Chu Heying, Chen Xudong, Wang Huaqi, Du Yuwen, Wang Yuanyuan, Zang Wenqiao, Li Ping, Li Juan, Chang Jingxia, Zhao Guoqiang, Zhang Guojun
Department of Respiratory Medicine, The First Affiliated Hospital of Zhengzhou University, No.1 Jianshe Road, Zhengzhou, 450052, Henan, China.
Tumour Biol. 2014 Apr;35(4):3487-94. doi: 10.1007/s13277-013-1460-1. Epub 2013 Nov 29.
Our previous studies have showed that metastasis-associated protein 3 (MTA 3) is overexpressed in non-small cell lung cancer (NSCLC) tissue, and increased MTA3 mRNA levels is a risk factor of lymph node metastasis. Using bioinformatics analyses, we found that MTA3 was a potential target of miR-495. However, the pathophysiological role of miR-495 and its relevance to the growth and development of NSCLC have yet to be investigated. The purpose of this study was to elucidate the molecular mechanisms by which miR-495 acts as a tumor suppressor in NSCLC. qRT-PCR data showed significant downregulation of miR-495 in 56 NSCLC tissue samples and 5 lung cancer cell lines, compared with their adjacent normal tissue; furthermore, western blotting analysis revealed MTA3 protein was overexpressed in the tumor samples compared with the matched adjacent normal tissue. MiR-495 was shown to not only inhibit the proliferation of lung cancer cells (A549 and Calu-3) but also to inhibit cell migration in vitro. Using western blotting and luciferase assays, MTA3 was identified as a target of miR-495. These findings suggest the importance of miR-495 targeting of MTA3 in the regulation of lung cancer growth and migration.

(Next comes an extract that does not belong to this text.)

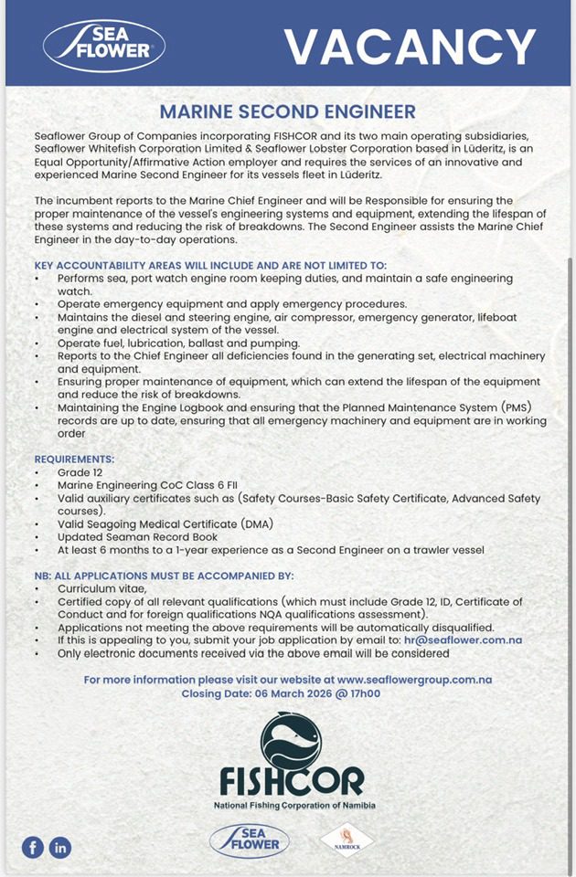 Apply for Marine Second Engineer, Marine Chief Engineer and various job openings in Namibia. Submit your online application for Sea Flower Group job opportunities through the recruitment portal at @www.seaflowergroup.com.na. Our website provides a detailed step-by-step guide on how to apply for Sea Flower Group job openings in Namibia. Stay informed with daily updates on the latest vacancy news and notices in Namibia.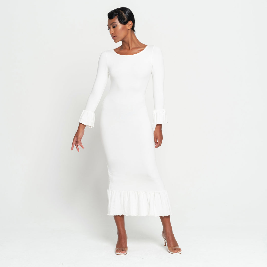 MARJORIE Bamboo Ruffle Dress, in Off-white by BrunnaCo

我们之前的研究表明,转移相关蛋白3(MTA 3)在非小细胞肺癌(NSCLC)组织中过表达,且MTA3 mRNA水平升高是淋巴结转移的一个危险因素。通过生物信息学分析,我们发现MTA3是miR - 495的一个潜在靶点。然而,miR - 495的病理生理作用及其与NSCLC生长发育的相关性尚未得到研究。本研究的目的是阐明miR - 495在NSCLC中作为肿瘤抑制因子发挥作用的分子机制。qRT - PCR数据显示,与相邻正常组织相比,56例NSCLC组织样本和5种肺癌细胞系中miR - 495显著下调;此外,蛋白质印迹分析显示,与匹配的相邻正常组织相比,肿瘤样本中MTA3蛋白过表达。结果表明,miR - 495不仅能抑制肺癌细胞(A549和Calu - 3)的增殖,还能在体外抑制细胞迁移。通过蛋白质印迹和荧光素酶测定,确定MTA3是miR - 495的一个靶点。这些发现表明miR - 495靶向MTA3在调节肺癌生长和迁移中具有重要作用。